> **Description of the task**: Starting at the line that contains "En chiffres, le", transcribe each line through the end of the material below, exactly and nothing else, leaving out the pictures.
Material provided below:
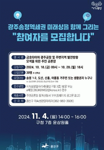 2부 주민 공론장에선 국토계획법 개정에 따른 ‘공간혁신구역’ 지정을 통한 공공개발, 금호타이어 광주공장 이전 추진 사항 및 향후 계획, 광주송정역세권 발전 범시민운동본부 활동 내용 등 발표와 주민토론이 진행된다.
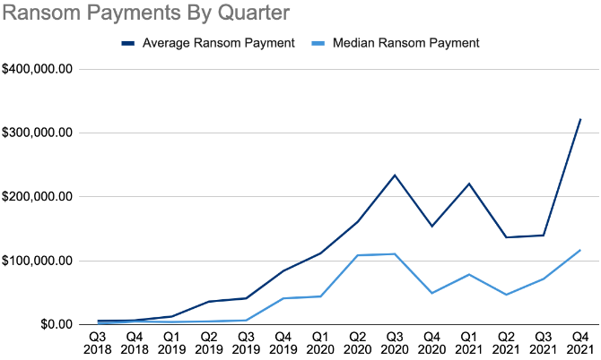 En chiffres, le paiement moyen de la rançon au quatrième trimestre 2021 a atteint 322 168 dollars, soit 130 % de plus qu’au trimestre précédent. Le montant médian du paiement de la rançon était de 117 116 $, en hausse de 63 % par rapport au troisième trimestre.
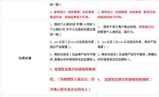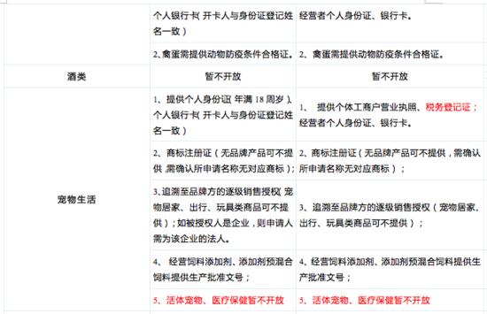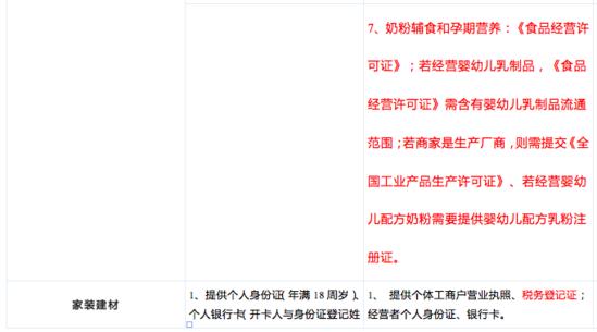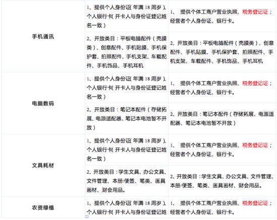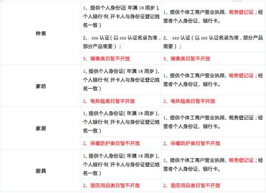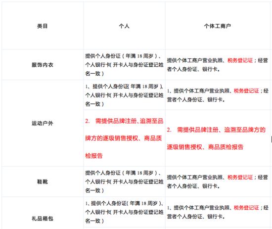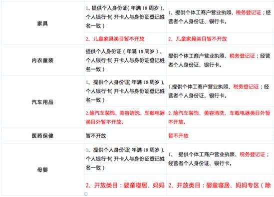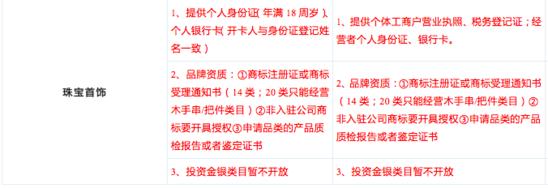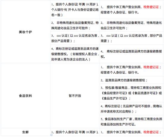 具体类目及入驻要求如下:
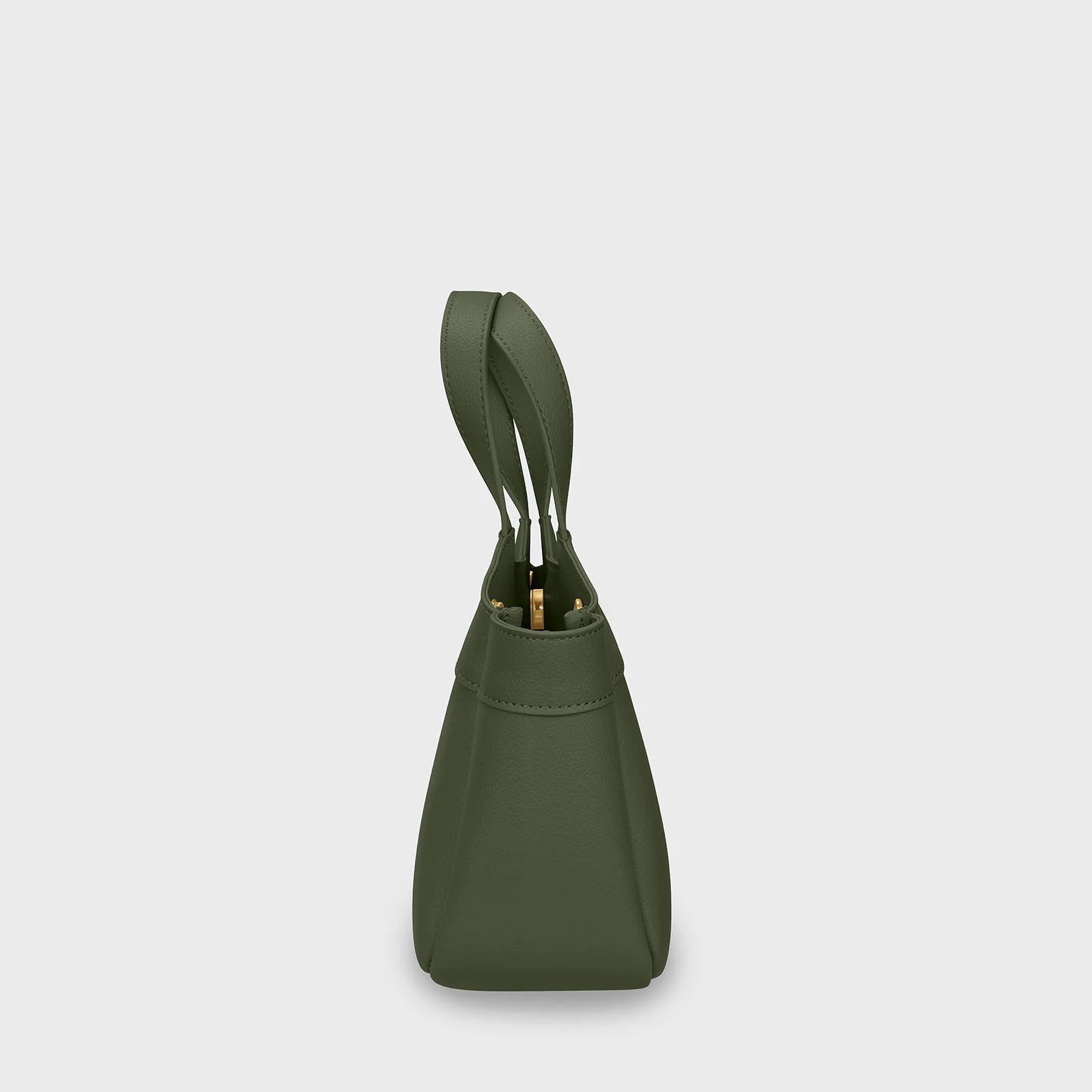 The CLUSE Tote Bag Mini in dark olive green is our second most compact tote, reimagined as a chic everyday handbag. Crafted from OEKO-TEX materials with a grained finish and a recycled PET lining, it measures 35 x 9 x 18 cm with a 2-litre capacity. A magnetic central closure and two side snap buttons keep belongings secure. Inside, a detachable pouch, a side pocket with zipper, and another side pocket on the opposite side add extra organization.
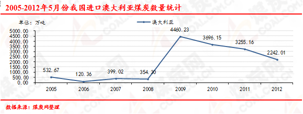 2005-2012年5月份我國(guó)進(jìn)口澳大利亞煤炭數(shù)量走勢(shì)統(tǒng)計(jì)
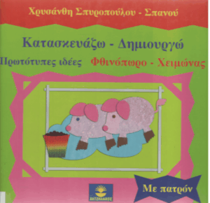 Αρχίζει η σχολική χρονιά μαζί και το φθινόπωρο και έρχεται ο τόμος αυτός να κάνει πιο εύκολη τη ζωή στο νηπιαγωγείο, στο δημοτικό σχολείο και στο σπίτι, με πρωτότυπα σχέδια που μπορεί να φτιάξει κανείς καθημερινά. Τα υλικά είναι απλά και βρίσκονται γύρω μας. Φύλλα φυσικά ή τεχνητά, ζωάκια και καρποί, χόρτα, λουλούδια, πουλιά που φεύγουν, χιονάνθρωποι, χιονισμένα τοπία, χειμωνιάτικα στολίδια, οι ημέρες της εβδομάδας, οι αριθμοί και τα γράμματα καθώς και ήρωες από τη μυθολογία είναι μερικά από τα θέματα αυτού του βιβλίου.
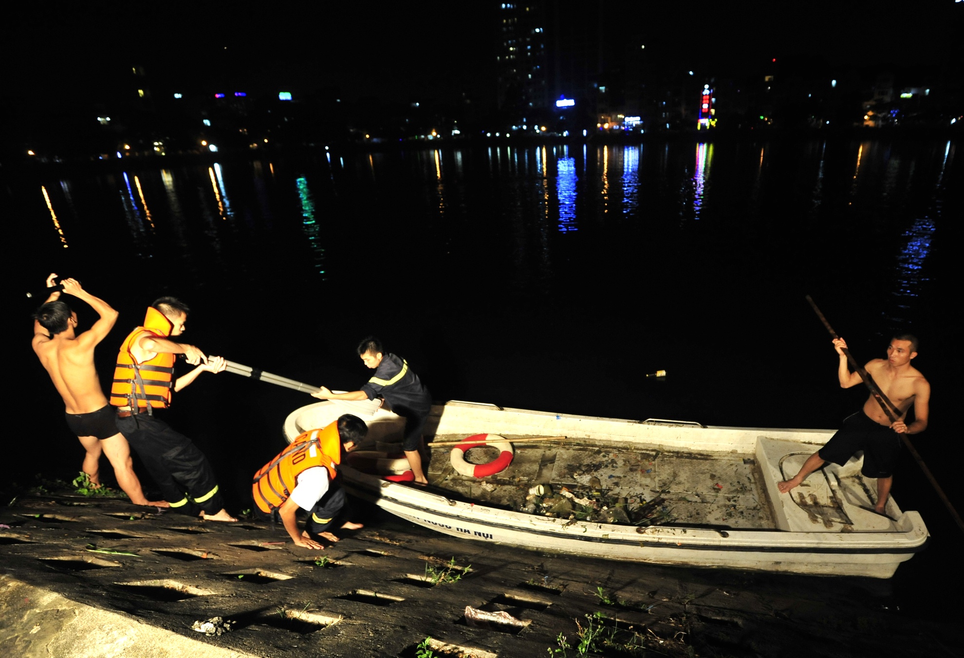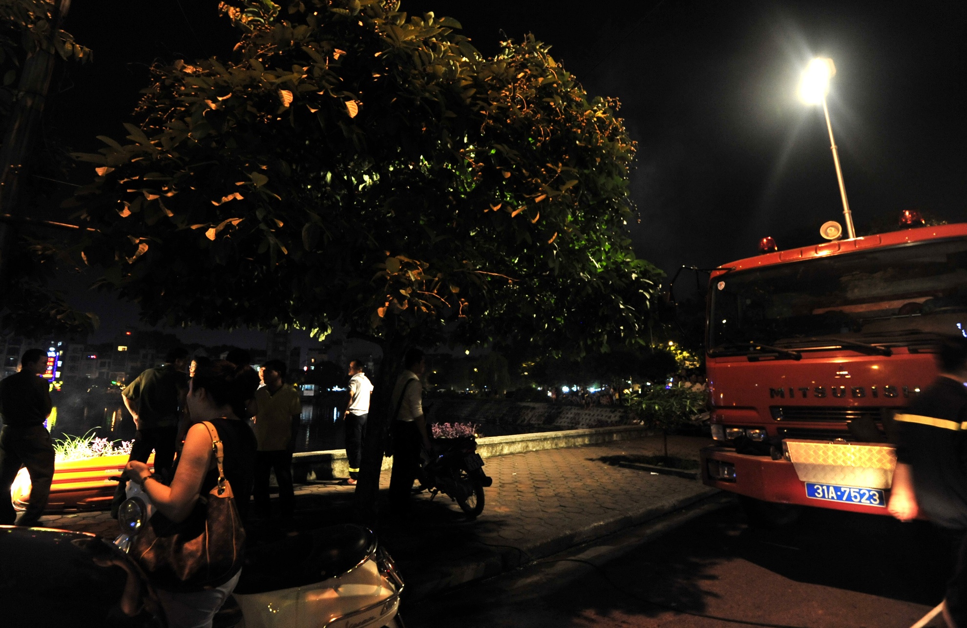| Hai xe cứu hỏa có đèn cao áp được điều động và chiếu sáng rực lòng hồ. |
End of Material provided.
> **Problem solution**:
 En chiffres, le paiement moyen de la rançon au quatrième trimestre 2021 a atteint 322 168 dollars, soit 130 % de plus qu’au trimestre précédent. Le montant médian du paiement de la rançon était de 117 116 $, en hausse de 63 % par rapport au troisième trimestre.
 具体类目及入驻要求如下:
 The CLUSE Tote Bag Mini in dark olive green is our second most compact tote, reimagined as a chic everyday handbag. Crafted from OEKO-TEX materials with a grained finish and a recycled PET lining, it measures 35 x 9 x 18 cm with a 2-litre capacity. A magnetic central closure and two side snap buttons keep belongings secure. Inside, a detachable pouch, a side pocket with zipper, and another side pocket on the opposite side add extra organization.
 2005-2012年5月份我國(guó)進(jìn)口澳大利亞煤炭數(shù)量走勢(shì)統(tǒng)計(jì)
 Αρχίζει η σχολική χρονιά μαζί και το φθινόπωρο και έρχεται ο τόμος αυτός να κάνει πιο εύκολη τη ζωή στο νηπιαγωγείο, στο δημοτικό σχολείο και στο σπίτι, με πρωτότυπα σχέδια που μπορεί να φτιάξει κανείς καθημερινά. Τα υλικά είναι απλά και βρίσκονται γύρω μας. Φύλλα φυσικά ή τεχνητά, ζωάκια και καρποί, χόρτα, λουλούδια, πουλιά που φεύγουν, χιονάνθρωποι, χιονισμένα τοπία, χειμωνιάτικα στολίδια, οι ημέρες της εβδομάδας, οι αριθμοί και τα γράμματα καθώς και ήρωες από τη μυθολογία είναι μερικά από τα θέματα αυτού του βιβλίου.
| Hai xe cứu hỏa có đèn cao áp được điều động và chiếu sáng rực lòng hồ. |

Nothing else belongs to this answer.